To assess the impact of IRD on bone microarchitecture, we conducted µCT scans on both femur and fourth vertebral body. The analysis of trabecular bone at the distal femur showed that 129/Sv mice consuming the IRD displayed a notable reduction in bone volume when compared to their CD-fed counterparts (Fig. 1B). Moreover, although the trabecular thickness remained relative consistent (Fig. 1C), there was a significant decrease in trabecular numbers (Fig. 1D), leading to an increase in trabecular separation (Fig. 1E,F). In addition, mice fed the IRD also exhibited reduced cortical bone volume and thinner cortices compared to those fed a CD (Fig. 1G,H,I). Representative 3D rendering images of trabecular and cortical bone are depicted in Fig. 1F and I, respectively.

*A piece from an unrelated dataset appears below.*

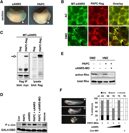 Figure 4. xANR5 Is Physically Associated with PAPC and Indispensable for the PAPC-Dependent Signaling Pathway(A) Expression patterns of xANR5 and PAPC at the early gastrula were detected with Fluorescein-labeled antisense RNA of xANR5 and DIG-labeled antisense RNA of PAPC. Embryos were fixed at stage 10.5 and sectioned sagittally through the dorsal midline. xANR5 and PAPC were showed overlapping expressions at the DMZ. Arrowheads indicate the blastopore.(B) Full-length xANR5 was tagged with the 6-repeat myc epitope (MT-xANR5), and full-length PAPC was tagged with the flag epitope (PAPC-flag). MT-xANR5 (50 pg) and PAPC-flag (50 pg) were injected into two animal and dorsal blastomeres at the 2-cell stage and 4-cell stage and then isolated at the blastula and early gastrula stage, respectively. xANR5 was detected with a mouse anti-myc antibody and an Alexa 488-conjugated mouse anti-IgG antibody. PAPC was detected with a rabbit anti-flag antibody and an Alexa 544-conjugated rabbit anti-IgG antibody. Scale bar represents 50 μm.(C) Immunoprecipitation experiments with MT-xANR5 and PAPC-flag were carried out in 293T culture cells. The expressed proteins were precipitated with a mouse anti-flag antibody (Sigma-Aldrich) and detected with a rabbit anti-flag antibody (Sigma-Aldrich) and mouse anti-myc antibody. A physical interaction between xANR5 and PAPC was determined by western blotting. An arrow indicates PAPC expression detected with a rabbit anti-flag antibody.(D) A JNK activation assay was carried out with animal blastomeres. The single injection of PAPC or xANR5 enabled the induction of c-jun phosphorylation, and the coinjection of PAPC and xANR5 further increased the c-jun activity. The phosphorylation of c-jun triggered by PAPC overexpression was significantly decreased when xANR5-MO was coinjected, and this effect was rescued by xANR5 coinjection.(E) To investigate whether xANR5 is involved in the PAPC-dependent Rho activation, a Rho activation assay was carried out with marginal zone explants. In the VMZ, the overexpression of PAPC induced the activation of Rho activity, which was suppressed by the coinjection of xANR5-MO.(F) The depletion of PAPC by MO injection into the 2 dorsal blastomeres at the 4-cell stage resulted in a short trunk and S.B. Coinjection of xANR5 mRNA into the dorsal cells could partially rescue the effect of PAPC-MOs.

At the vertebral body, there was a notable decrease in the bone volume in mice fed an IRD compared to those on a CD (Fig. 1J). Consistently, trabecular thickness was reduced (Fig. 1K). However, no significant changes were observed in the number of trabeculae (Fig. 1L), or trabecular separation (Fig. 1M). Representative 3D rendering images are illustrated in Fig. 1N.

To assess the potential impact of an imbalance between bone resorption and bone formation processes on bone mass, we conducted evaluations encompassing plasma levels of bone turnover markers, dynamic histomorphometry and mRNA expression of osteoblast and osteoclast marker genes. Notably, levels of the bone formation marker PINP were significantly reduced in the serum from 129/Sv mice fed an IRD in comparison to the CD group (Fig. 1O). In addition, the circulating levels of the bone resorption marker CTX-I were also significantly reduced in mice fed an IRD (Fig. 1P). Although the parameters of bone remodeling assessed in TRAP-stained L4-vertebra were comparable between mice fed a CD or an IRD, we observed a significant upregulation of the mRNA expression of the osteoblast markers Sp7, Runx2, and Postn, while Spp1 was decreased. Similarly, the expression of the osteoclast markers Nfatc1, Oscar, and Acp5 in bone/bone marrow tissue was elevated, while Ctsk expression was significantly reduced (Suppl. Fig. 2). Taken together, these data suggest that dietary iron supplementation has a deleterious effect on bone metabolism by decreasing bone turnover.

Dietary iron overload does not impair bone microarchitecture in young or adult male C57BL/6J mice

To explore whether the genetic background plays a role in the variation of iron levels among different mouse strains and how this affects bone characteristics, we conducted an analysis focusing on the consequences of iron overload on bone microarchitecture in C57BL/6J mice.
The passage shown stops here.